= WHAT IS BEING ASKED =
Your copy must hold every line of the records word for word. It must hold no pictures.
** Opening MATERIAL PROVIDED block **
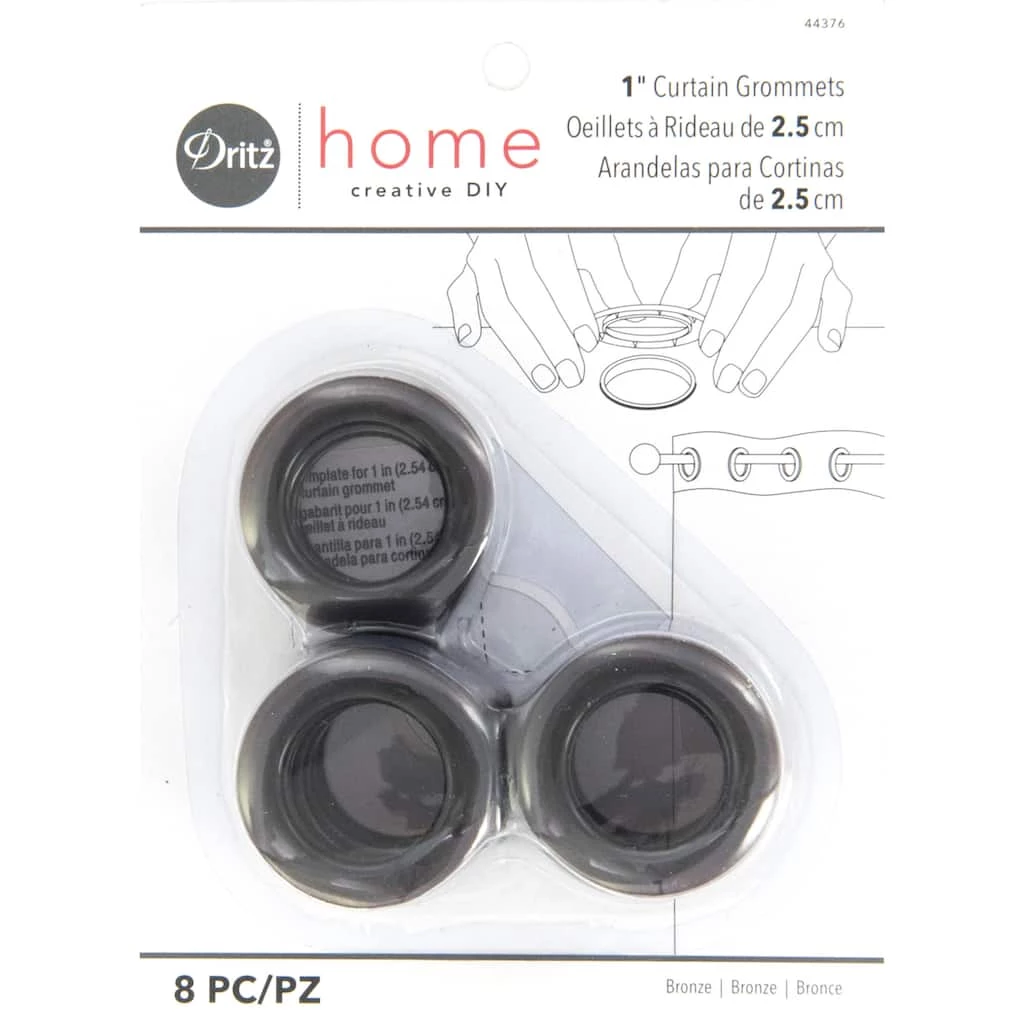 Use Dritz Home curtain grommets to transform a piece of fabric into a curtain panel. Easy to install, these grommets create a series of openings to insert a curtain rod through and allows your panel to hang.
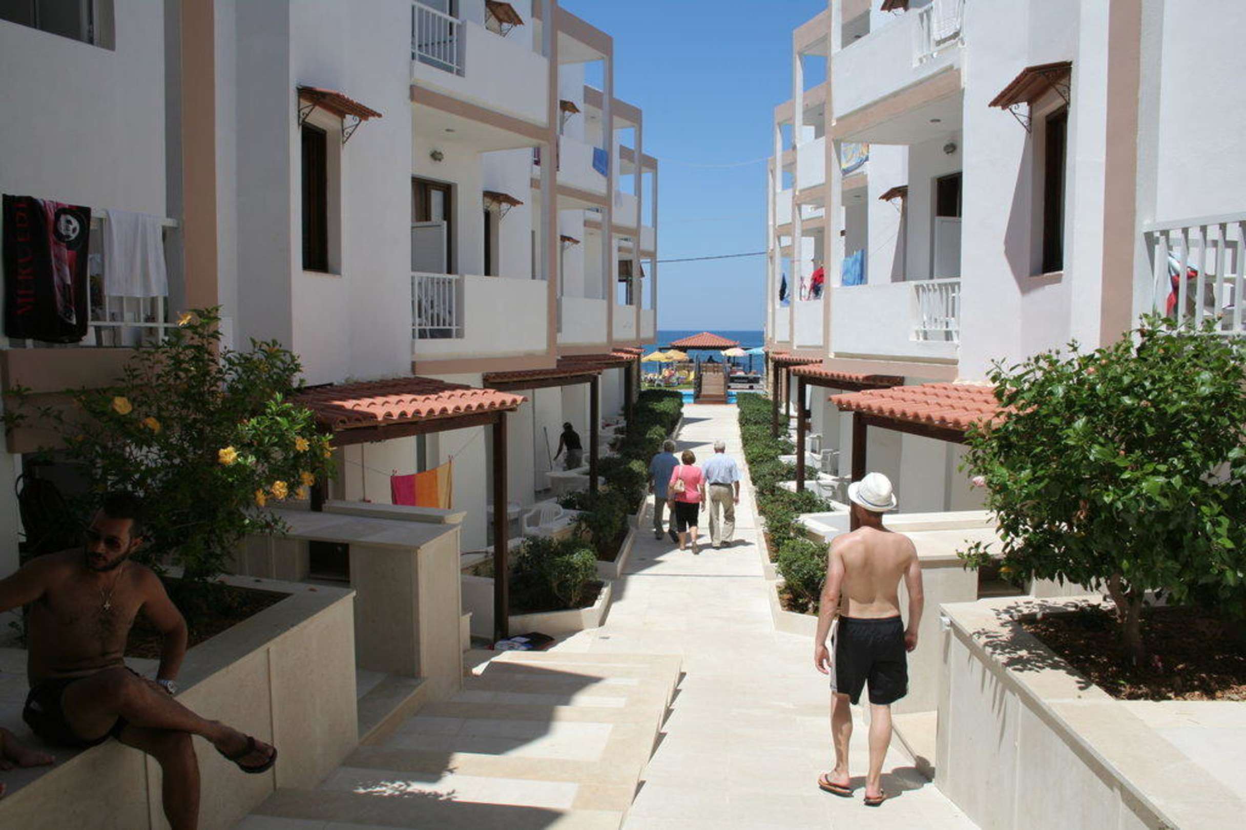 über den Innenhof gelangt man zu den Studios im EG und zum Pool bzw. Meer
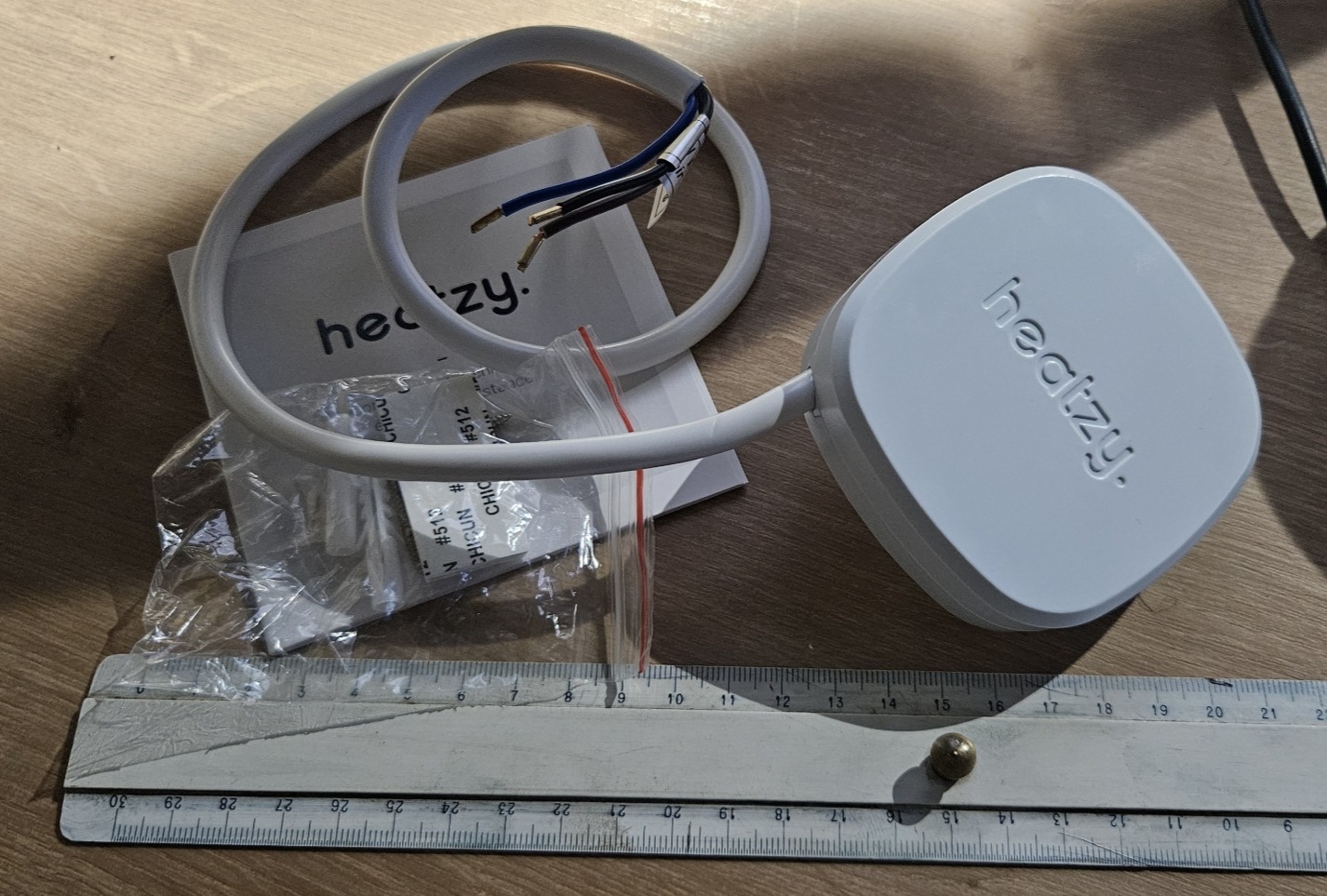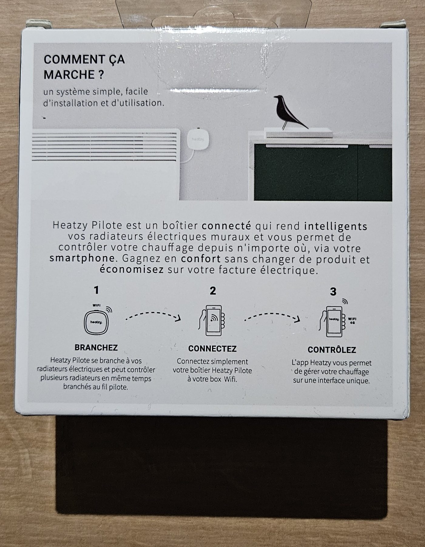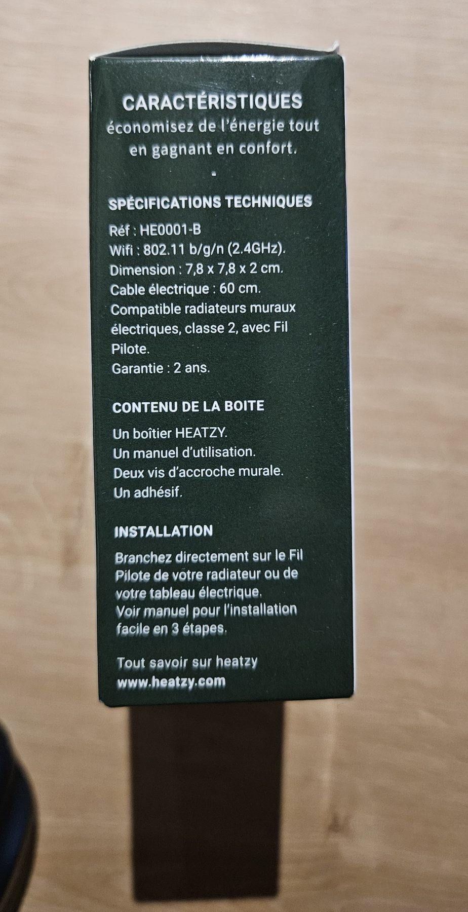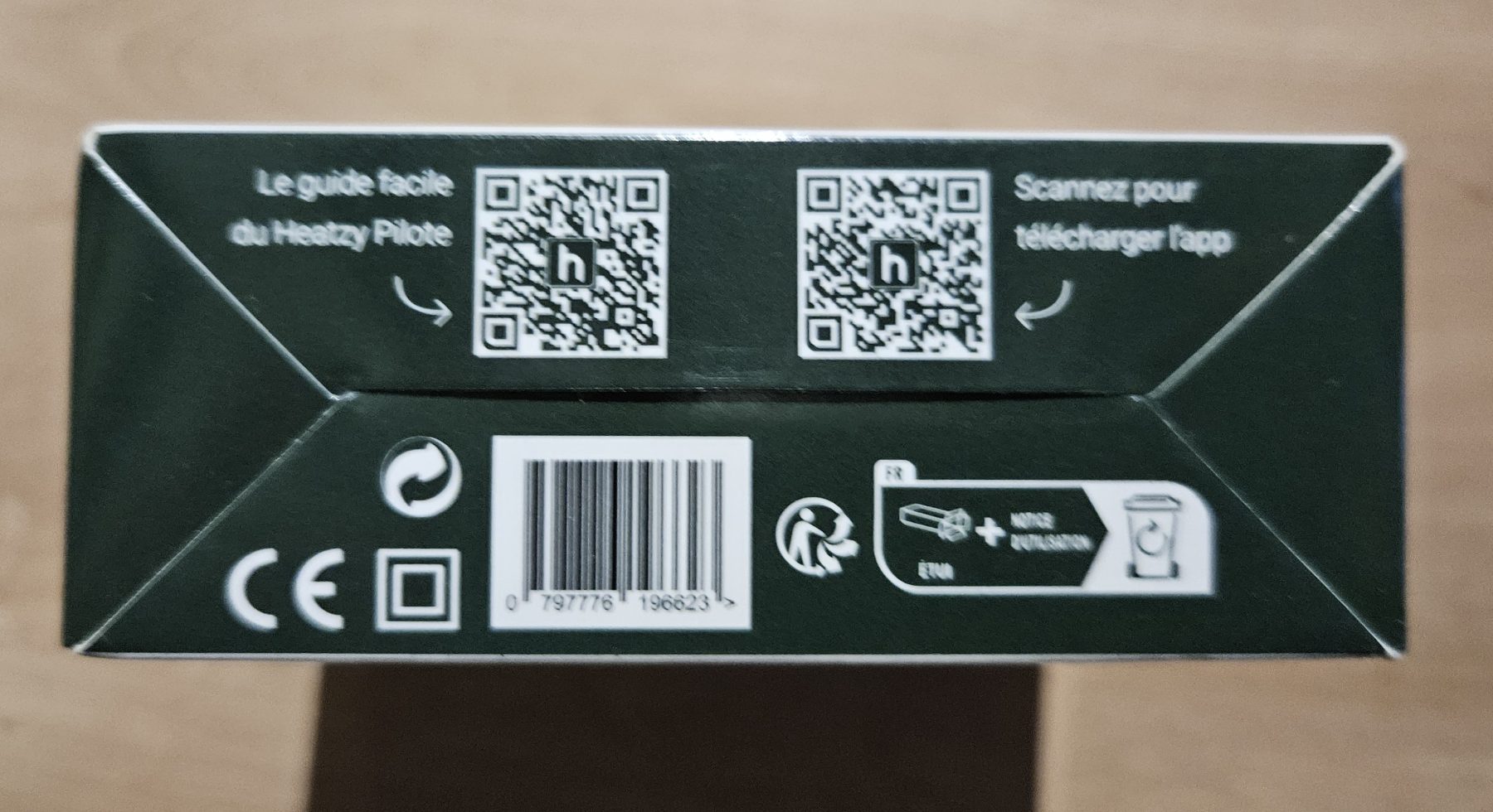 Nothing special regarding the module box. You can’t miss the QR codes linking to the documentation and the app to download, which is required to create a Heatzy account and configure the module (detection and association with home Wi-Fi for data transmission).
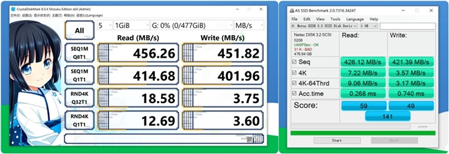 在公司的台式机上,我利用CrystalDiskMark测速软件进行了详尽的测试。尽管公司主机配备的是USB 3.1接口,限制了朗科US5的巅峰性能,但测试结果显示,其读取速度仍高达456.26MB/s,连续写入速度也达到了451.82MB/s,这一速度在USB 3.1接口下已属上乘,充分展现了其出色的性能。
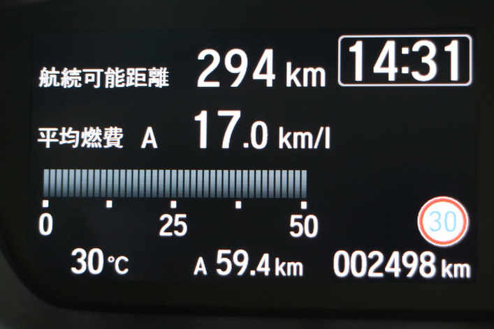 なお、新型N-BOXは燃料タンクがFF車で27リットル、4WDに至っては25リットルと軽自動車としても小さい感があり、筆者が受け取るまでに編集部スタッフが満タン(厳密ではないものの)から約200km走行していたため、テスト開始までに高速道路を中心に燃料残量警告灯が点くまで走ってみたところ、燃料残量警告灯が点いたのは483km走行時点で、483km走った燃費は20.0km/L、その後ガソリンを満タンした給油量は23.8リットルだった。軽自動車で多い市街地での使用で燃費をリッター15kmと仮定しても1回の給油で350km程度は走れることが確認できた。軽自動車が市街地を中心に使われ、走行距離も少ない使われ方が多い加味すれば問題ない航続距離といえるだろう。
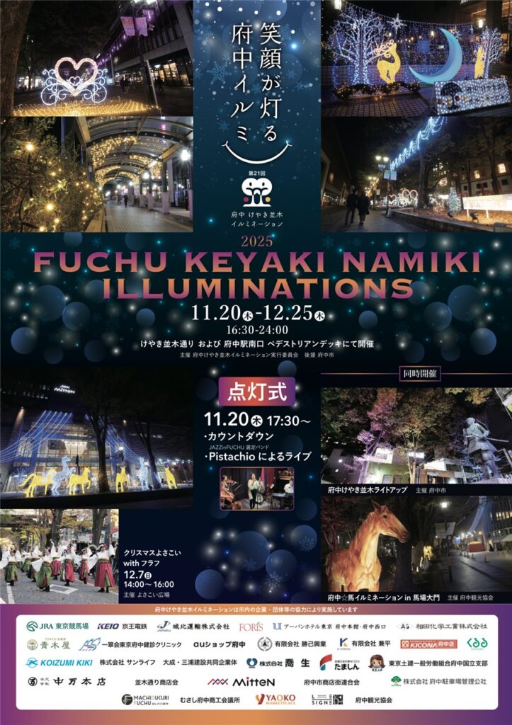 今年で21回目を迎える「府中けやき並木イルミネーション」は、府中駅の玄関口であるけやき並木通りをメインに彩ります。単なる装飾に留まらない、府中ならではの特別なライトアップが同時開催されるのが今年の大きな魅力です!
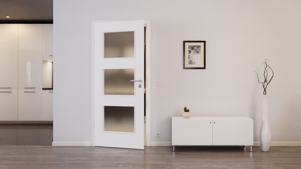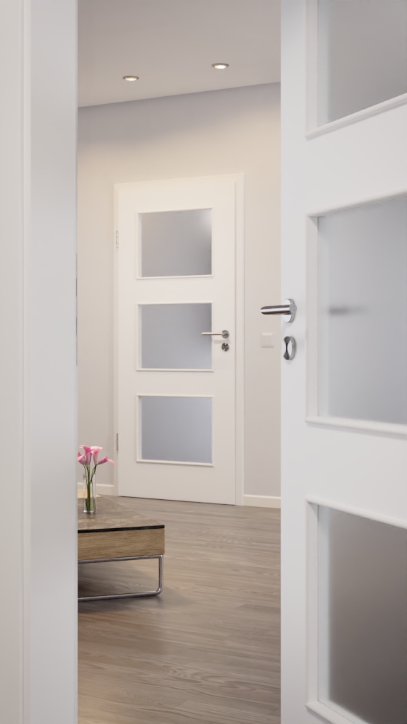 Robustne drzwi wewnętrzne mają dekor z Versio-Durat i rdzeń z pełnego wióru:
** Closing MATERIAL PROVIDED block **
= ANSWER BELOW =
 Use Dritz Home curtain grommets to transform a piece of fabric into a curtain panel. Easy to install, these grommets create a series of openings to insert a curtain rod through and allows your panel to hang.
 über den Innenhof gelangt man zu den Studios im EG und zum Pool bzw. Meer
 Nothing special regarding the module box. You can’t miss the QR codes linking to the documentation and the app to download, which is required to create a Heatzy account and configure the module (detection and association with home Wi-Fi for data transmission).
 在公司的台式机上,我利用CrystalDiskMark测速软件进行了详尽的测试。尽管公司主机配备的是USB 3.1接口,限制了朗科US5的巅峰性能,但测试结果显示,其读取速度仍高达456.26MB/s,连续写入速度也达到了451.82MB/s,这一速度在USB 3.1接口下已属上乘,充分展现了其出色的性能。
 なお、新型N-BOXは燃料タンクがFF車で27リットル、4WDに至っては25リットルと軽自動車としても小さい感があり、筆者が受け取るまでに編集部スタッフが満タン(厳密ではないものの)から約200km走行していたため、テスト開始までに高速道路を中心に燃料残量警告灯が点くまで走ってみたところ、燃料残量警告灯が点いたのは483km走行時点で、483km走った燃費は20.0km/L、その後ガソリンを満タンした給油量は23.8リットルだった。軽自動車で多い市街地での使用で燃費をリッター15kmと仮定しても1回の給油で350km程度は走れることが確認できた。軽自動車が市街地を中心に使われ、走行距離も少ない使われ方が多い加味すれば問題ない航続距離といえるだろう。
 今年で21回目を迎える「府中けやき並木イルミネーション」は、府中駅の玄関口であるけやき並木通りをメインに彩ります。単なる装飾に留まらない、府中ならではの特別なライトアップが同時開催されるのが今年の大きな魅力です!
 Robustne drzwi wewnętrzne mają dekor z Versio-Durat i rdzeń z pełnego wióru:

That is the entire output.